BEGIN Study material

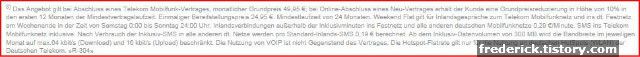 가입비 24,95 EUR 별도, 데이터 사용의 양은 제한이 없지만 월 사용량이 300메가를 초과하는 경우 그 때부터는 다운로드는 최고속도 64kbit/s, 업로드는 16kbit/s 로 제한이 걸립니다. VOIP 사용 또한 계약에 포함되지 않습니다. 즉, 사용하면 계약 위반입니다.
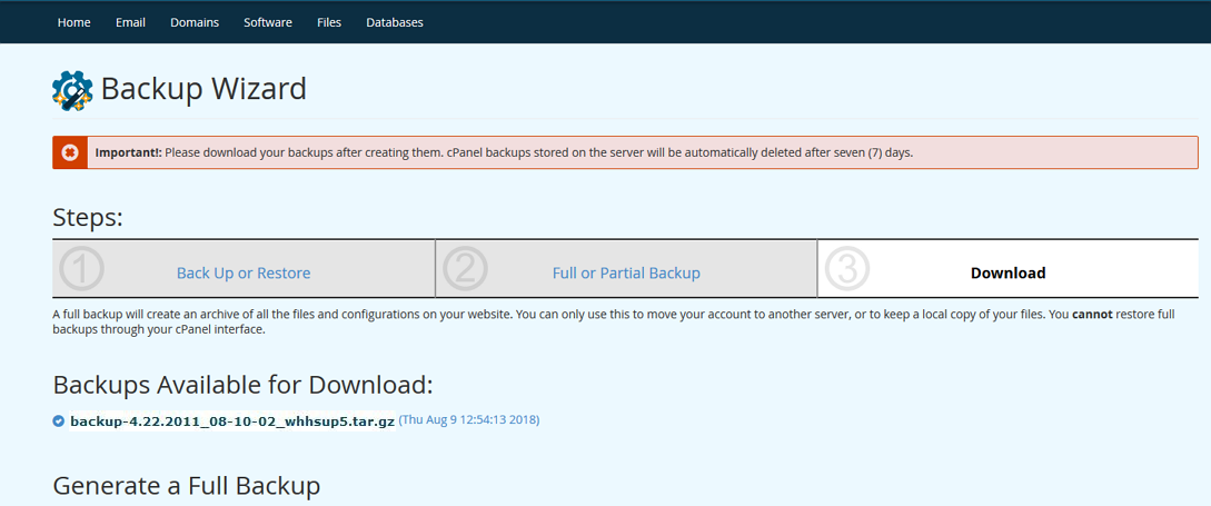 We'll start off below by showing you how to generate the full backup, and then we'll explain how to download individual backups of your files and your databases.
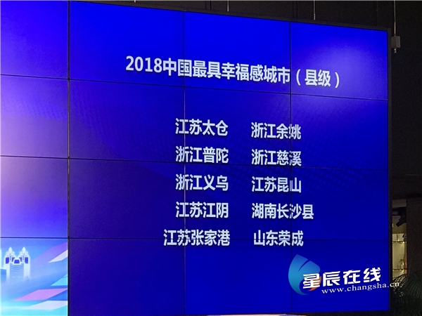 长沙县获评2018年中国最具幸福感城市县级市。与长沙县一起被推选为“2018中国最具幸福感城市县级市”的还有江苏太仓、浙江余姚、浙江普陀、浙江慈溪、浙江义乌、江苏昆山、江苏江阴、江苏张家港、山东荣成。
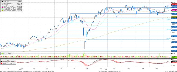 Egy felszúrással csütörtökön új történelmi csúcsra emelkedett a DAX index. Az árfolyam jelenleg a korábbi...
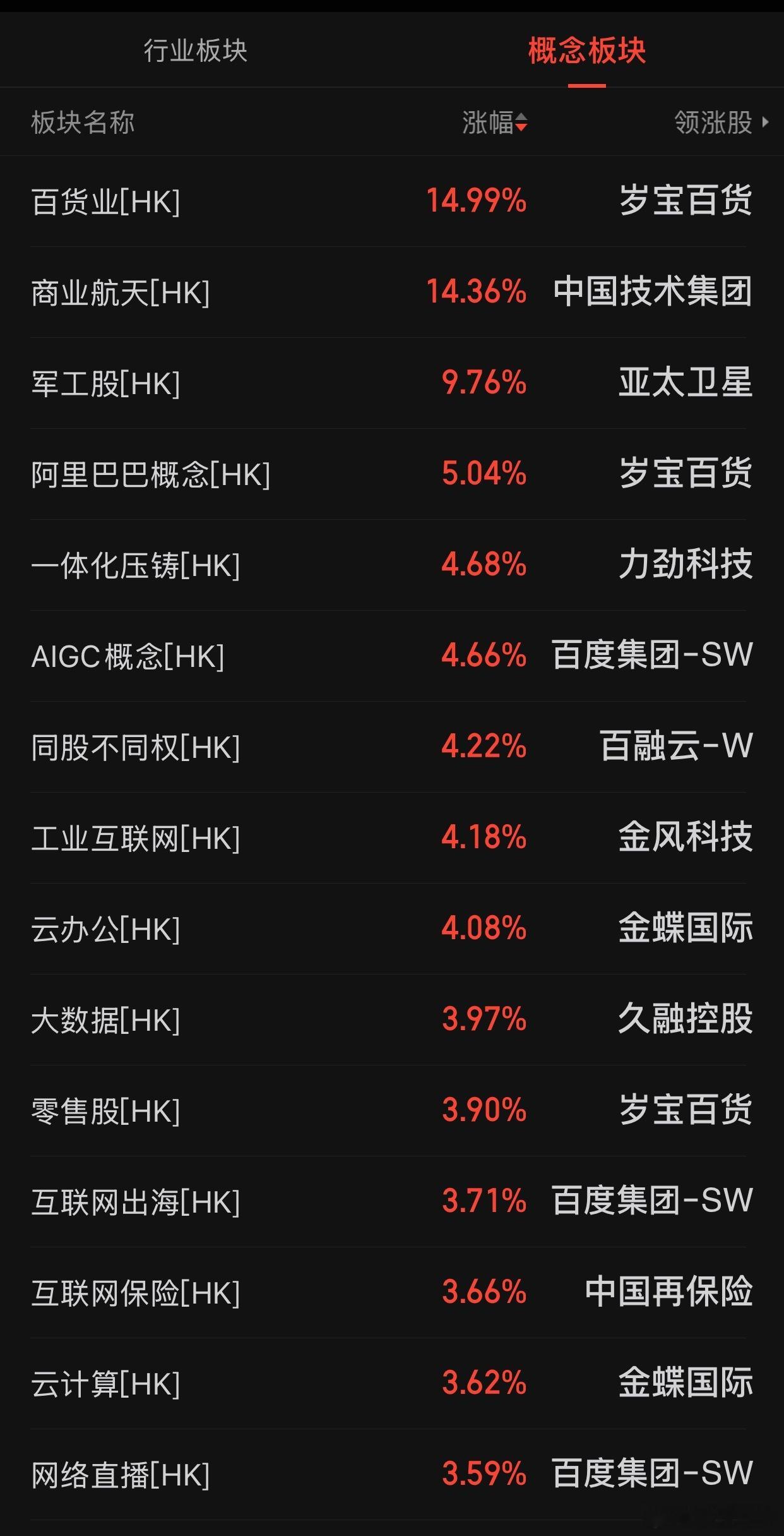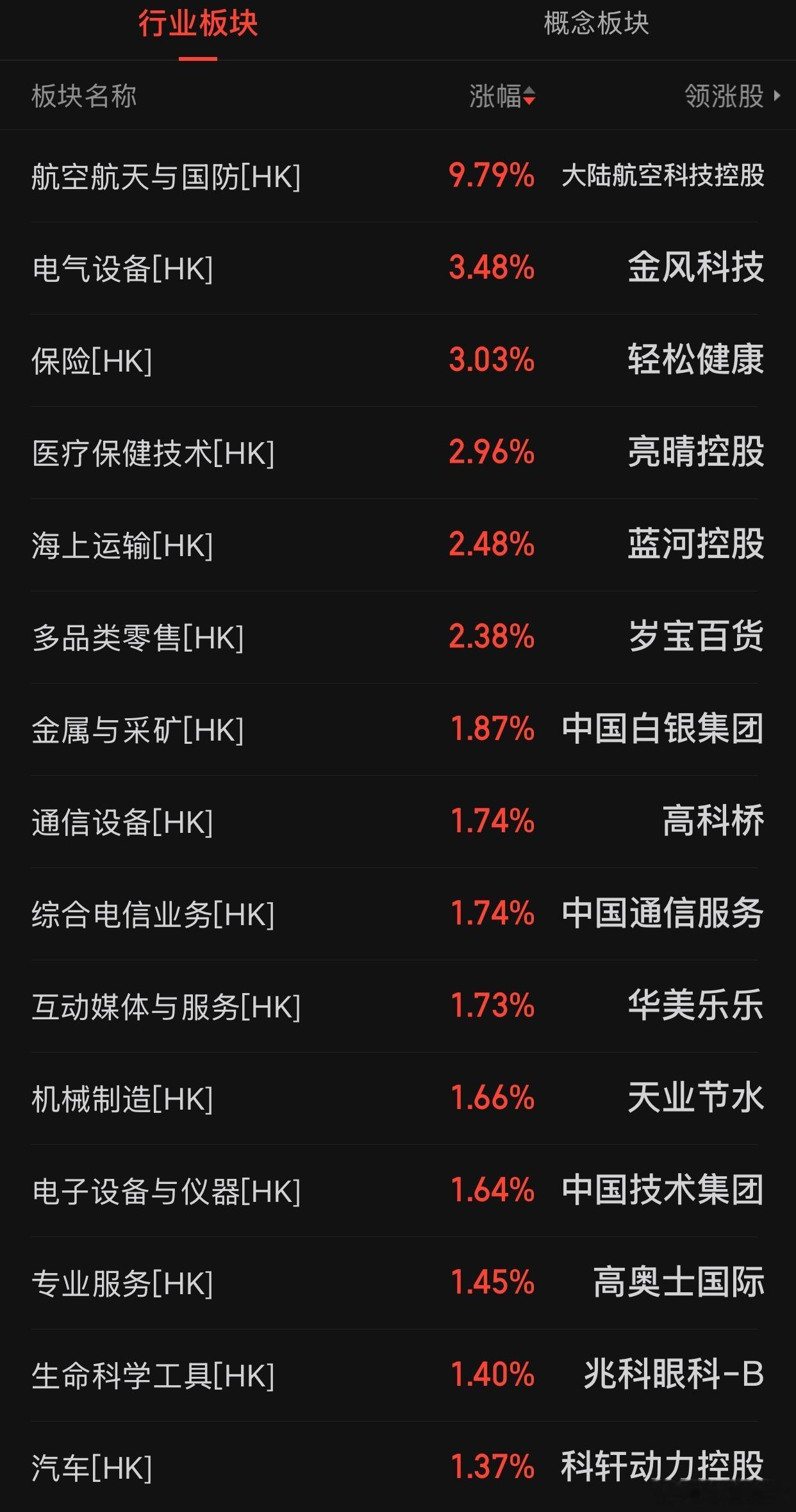 【港股收盘,恒生指数涨2.76%,恒生科技指数涨4.0%】板块方面,电气设备、保
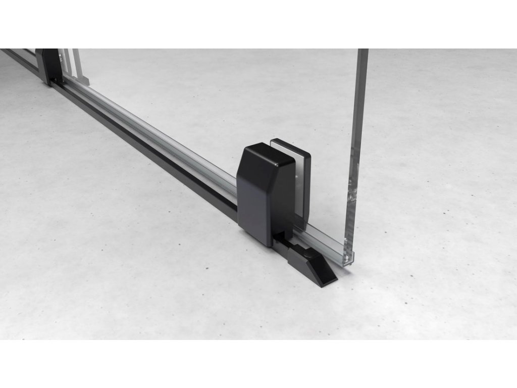 Dvojdílná zástěna, tvořená pevnou a posuvnou částí. Posuvná část se pohybuje na ložiskových kolech po tenké kolejnici, která zároveň tvoří přetokovou lištu. Šířka je nastavitelná zkrácením kolejnice a umístěním koncového dorazu na kolejnici i na skle.
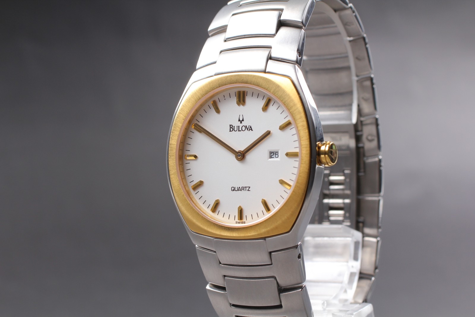 как выглядит MINT Bulova 45951 Two Tone White Dial 30mm Men
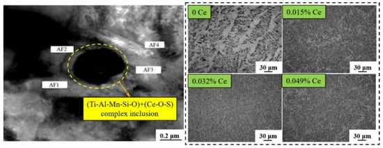 Through welding E36 steel with RE welding wire, Yu et al. [] found that the inclusions in the weld metal were the composite inclusions of (Ti-Al-Mn-Si-O) + (Ce-O-S) with the diameter of 0.5 μm, and the AF was induced by them, as shown in Figure 6. In addition, the areas of AF in the weld metal were also increasing with added RE content, which could reach 85% when the Ce content was 0.032%, and the impact energy at −40 °C exceeded 82 J. Deng et al. [] studied the evolution of inclusions in steel and the nucleation mechanism of AF through experiments and thermodynamic calculations. It was concluded that (Mn-Al-Si-Ti-La-Ce-O) + MnS composite inclusions could be used as the particle of AF nucleation. The studies of Thewlis and Xue et al. [,] also indicated that the morphology and distribution of inclusions were improved by RE, and RE inclusions could induce AF nucleation easily, refine the microstructure of weld metal, and improve the weldability of steel. Moreover, Cao et al. [] observed that the disperse RE inclusions in HAZ pinned the grain boundary and were beneficial to grain refinement after adding Ce into X70 steel. Some research studies of RE oxide metallurgical technologies are shown in Table 1.

END Study material

## Exercise goal
Your reply must match the data above line for line, except that it holds no pictures.

## Response to the exercise
 가입비 24,95 EUR 별도, 데이터 사용의 양은 제한이 없지만 월 사용량이 300메가를 초과하는 경우 그 때부터는 다운로드는 최고속도 64kbit/s, 업로드는 16kbit/s 로 제한이 걸립니다. VOIP 사용 또한 계약에 포함되지 않습니다. 즉, 사용하면 계약 위반입니다.
 We'll start off below by showing you how to generate the full backup, and then we'll explain how to download individual backups of your files and your databases.
 长沙县获评2018年中国最具幸福感城市县级市。与长沙县一起被推选为“2018中国最具幸福感城市县级市”的还有江苏太仓、浙江余姚、浙江普陀、浙江慈溪、浙江义乌、江苏昆山、江苏江阴、江苏张家港、山东荣成。
 Egy felszúrással csütörtökön új történelmi csúcsra emelkedett a DAX index. Az árfolyam jelenleg a korábbi...
 【港股收盘,恒生指数涨2.76%,恒生科技指数涨4.0%】板块方面,电气设备、保
 Dvojdílná zástěna, tvořená pevnou a posuvnou částí. Posuvná část se pohybuje na ložiskových kolech po tenké kolejnici, která zároveň tvoří přetokovou lištu. Šířka je nastavitelná zkrácením kolejnice a umístěním koncového dorazu na kolejnici i na skle.
 как выглядит MINT Bulova 45951 Two Tone White Dial 30mm Men
 Through welding E36 steel with RE welding wire, Yu et al. [] found that the inclusions in the weld metal were the composite inclusions of (Ti-Al-Mn-Si-O) + (Ce-O-S) with the diameter of 0.5 μm, and the AF was induced by them, as shown in Figure 6. In addition, the areas of AF in the weld metal were also increasing with added RE content, which could reach 85% when the Ce content was 0.032%, and the impact energy at −40 °C exceeded 82 J. Deng et al. [] studied the evolution of inclusions in steel and the nucleation mechanism of AF through experiments and thermodynamic calculations. It was concluded that (Mn-Al-Si-Ti-La-Ce-O) + MnS composite inclusions could be used as the particle of AF nucleation. The studies of Thewlis and Xue et al. [,] also indicated that the morphology and distribution of inclusions were improved by RE, and RE inclusions could induce AF nucleation easily, refine the microstructure of weld metal, and improve the weldability of steel. Moreover, Cao et al. [] observed that the disperse RE inclusions in HAZ pinned the grain boundary and were beneficial to grain refinement after adding Ce into X70 steel. Some research studies of RE oxide metallurgical technologies are shown in Table 1.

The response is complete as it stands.